E-RayZer: Self-supervised 3D Reconstruction as Spatial Visual Pre-training¶
Conference: CVPR 2026
arXiv: 2512.10950
Code: qitaozhao.github.io/E-RayZer
Area: 3D Vision
Keywords: Self-supervised pre-training, 3D Gaussian Splatting, Multi-view reconstruction, Pose estimation, Visual representation learning
TL;DR¶
E-RayZer is the first truly self-supervised feed-forward 3D Gaussian reconstruction model. By replacing RayZer's implicit latent scene representation with explicit 3D Gaussians and employing a curriculum learning strategy based on visual overlap, it learns geometrically grounded 3D-aware representations under zero 3D annotation. It significantly outperforms RayZer in pose estimation (RPA@5° improved from ≈0 to 90.8) and leads mainstream pre-trained models like DINOv3/CroCo v2 in frozen-backbone probing for downstream 3D tasks, even rivaling supervised VGGT.
Background & Motivation¶
Background: Self-supervised pre-training has driven rapid progress for foundation models in text, 2D images, and video, yet learning 3D-aware representations from multi-view images remains a significant gap. Current mainstream 3D vision models rely on pseudo-labels from SfM systems (e.g., COLMAP) for full supervision, which is inherently inefficient, imprecise, and unscalable.
Limitations of Prior Work: The predecessor RayZer attempted self-supervised 3D learning via latent space view synthesis. However, it suffers from a fundamental flaw: its camera estimation, implicit scene reconstruction, and Transformer rendering modules are jointly learned in a latent space lacking 3D inductive bias. This allows the model to achieve high-quality synthesis via "shortcut solutions" like video interpolation, resulting in a pose space that is neither interpretable nor physically meaningful. Evidence shows RayZer’s pose estimation accuracy is nearly zero (RPA@5° ≈ 0), indicating a lack of true 3D geometric understanding.

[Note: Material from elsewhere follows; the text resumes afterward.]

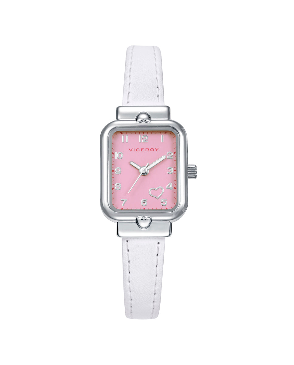 Relógio com caixa em aço inoxidável e pulseira em couro sintético branco, movimento de quartzo. Pulseira em prata de lei com cordão rosa e detalhe de coração incluída como brinde.

Key Insight: 3D inductive bias remains necessary for 3D representation learning but must be introduced in a way that preserves scalability. E-RayZer replaces implicit representations with explicit 3D Gaussians. Physical rendering constraints force the model to understand real 3D geometry, while a fine-grained curriculum learning strategy addresses convergence difficulties inherent in explicit 3D training.
Method¶
Overall Architecture¶
E-RayZer aims to learn representations with true geometric understanding under zero 3D annotation. It receives \(V\) multi-view images of the same scene. The pipeline logic involves: first predicting cameras, then placing a set of 3D Gaussians on reference views, and finally rendering these Gaussians to target views to compare with ground truth. Since the rendering is physical and non-learnable, the model is forced to learn correct camera and geometry parameters.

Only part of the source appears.